Test Center review: Open source data aces
Jitterbit 2.0 impresses with easy GUI for mastering migration projects, while Talend Open Studio 3.0 scales gracefully to meet enterprise integration demandsFollow @infoworld
The Business Modeler component -- a nice touch for Talend -- is a piece of the puzzle often omitted even at the commercial level. The Business Modeler provides a pallet of components that allow nontechnical analysts to build a view of the system and its workflows, without ever touching a drop of Java. The result gets turned over to developers, who flesh out the details using the Job Modeler, an Eclipse-based IDE and debugger.

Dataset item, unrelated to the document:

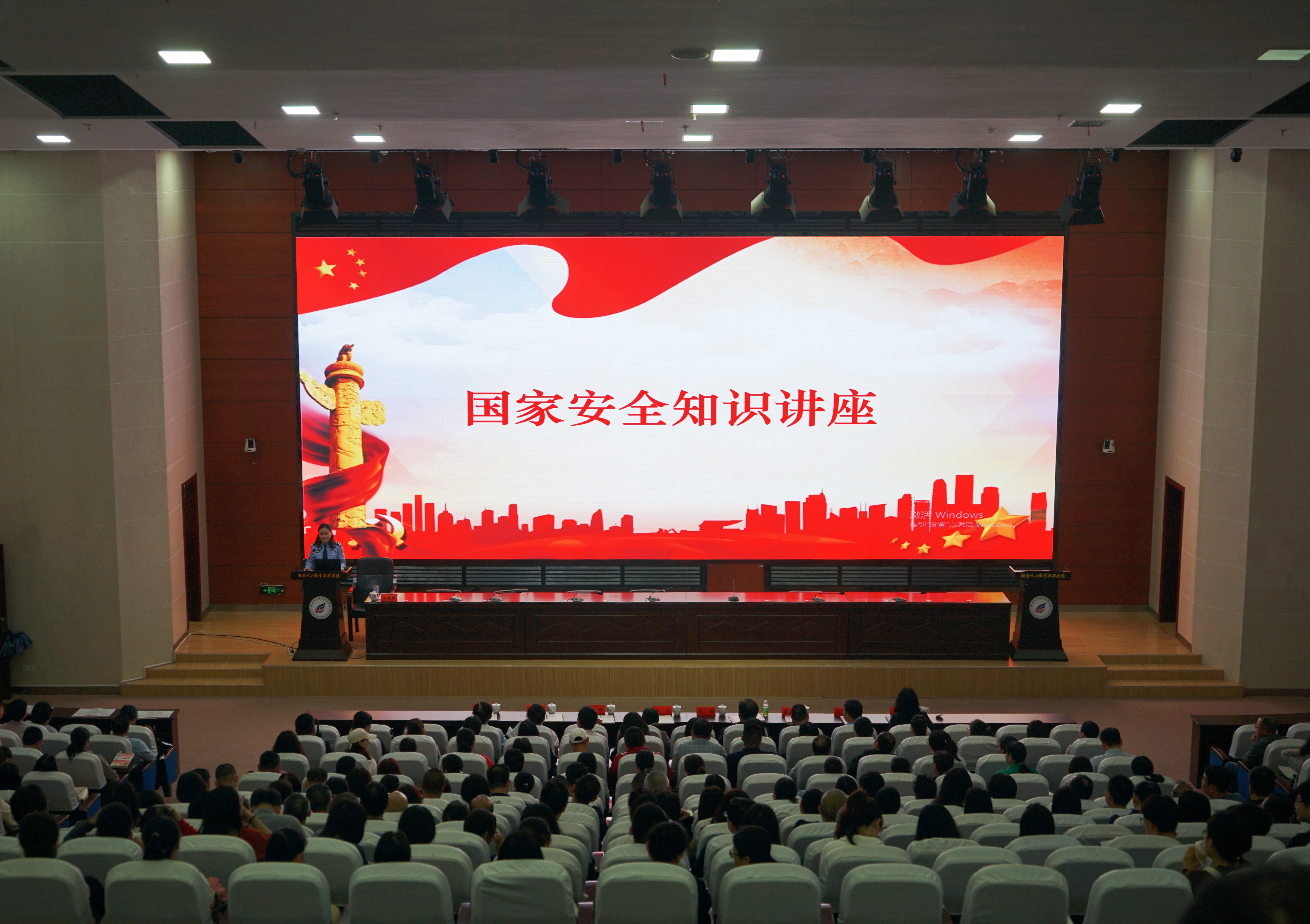 4月15日是我国第九个全民国家安全教育日,为牢固树立和全面践行国家安全观,切实提高我校教师队伍国家安全意识,夯实国家安全基础,使关心、维护国家安全的理念成为全体教师的思想共识和行动自觉,在校党委高度重视下,4月16日学校特邀株洲市国家安全局科长文雅琼到校开展“全民筑安全、护航中国梦”主题讲座。全体校领导和教职工聆听讲座,副校长刘艳主持讲座。
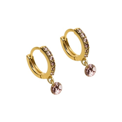 Hoop earrings on a brass base gilded with 18-carat 1 micron fine gold, with small colored zircons, a 4mm rhodolite-colored tassel stone.

The Job Modeler will put any Eclipse-seasoned developer at ease with its own pallet of drag-and-drop components. It also provides access to the central repository, which holds all of your organization's business models, job designs, metadata, documentation, and connection-specific information.
The latest version of Job Modeler adds collapsible subroutines for easier navigation. Other niceties include quick tabbing between graphical layout and code, a job scheduling interface (that puts a GUI on the Unix crontab command), and a thumbnail overview for easy navigation of large document layouts.
I liked the tMap component for defining my transforms and data routings. Although it was reminiscent of an old switchboard with wires strewn about, it was ultimately fast and effective. An Automap option saves time setting up initial connections.
The Job Modeler IDE’s graphical SQL editor and test facility, called SQLBuilder, helps with SQL chores. Talend generates native SQL code for every supported database, no additional effort required. XSLT and XPath are in tow for XML processing. And a good set of orchestration components makes long-running and staged processing a possibility.
Onboard debugging offers step-by-step trace and variable inspection, with real-time stats and trace data viewable directly from the layout. Other niceties, like auto- generation of HTML documentation, sweeten the offering.
You need to be able to trust the accuracy of your data, not just push it around. Talend has data governance covered with good provisions for data quality and profiling. Data conformity and consistency, beyond de-duplication, is achieved using filters such as search-and-replace, interval- and fuzzy- matching, and schema-based transformation. The profiler adds metrics on data quality -- tracked and assessed over time -- and graphically depicts stats and performance summaries for quick isolation of data in need of scrubbing.
I was impressed by Talend's rich set of components for third-party products, too. Support ranges from the higher end of OLAP cubes and Microsoft AX Server, down to QuickBooks and Google Apps. Even open BI solutions, including Jaspersoft and SpagoBI, as well as CRM apps, including Salesforce.com, Sugar, and Centric CRM, are supported.
Talend needs to work on automating management and partitioning of distributed jobs. I’d like to see Talend (and the Talend community) generate more industry-specific components -- say, to address HIPAA (Health Insurance Portability and Accountability Act) and SWIFT (Society for Worldwide Interbank Financial Telecommunication) directly. And although Talend offers ELT support in addition to ETL, currently ELT mode is limited to Oracle, MySQL, and Teradata databases.
Support is always a key concern for open source. Although Talend is still a young company, its worldwide presence enables it to deliver service, support, and training 24/7. Support is included in its team-oriented Integration Suite, along with added provisions for distributed monitoring and load balancing down to the CPU core. Talend even offers a free SaaS edition, Talend on Demand, with subscription-based support.
Clearly Talend has much to offer. Before you break the bank for a six-figure proprietary alternative or ponder the ongoing maintenance nightmare of a hand-coded solution, you’d be foolish not to explore Talend for your next data integration project.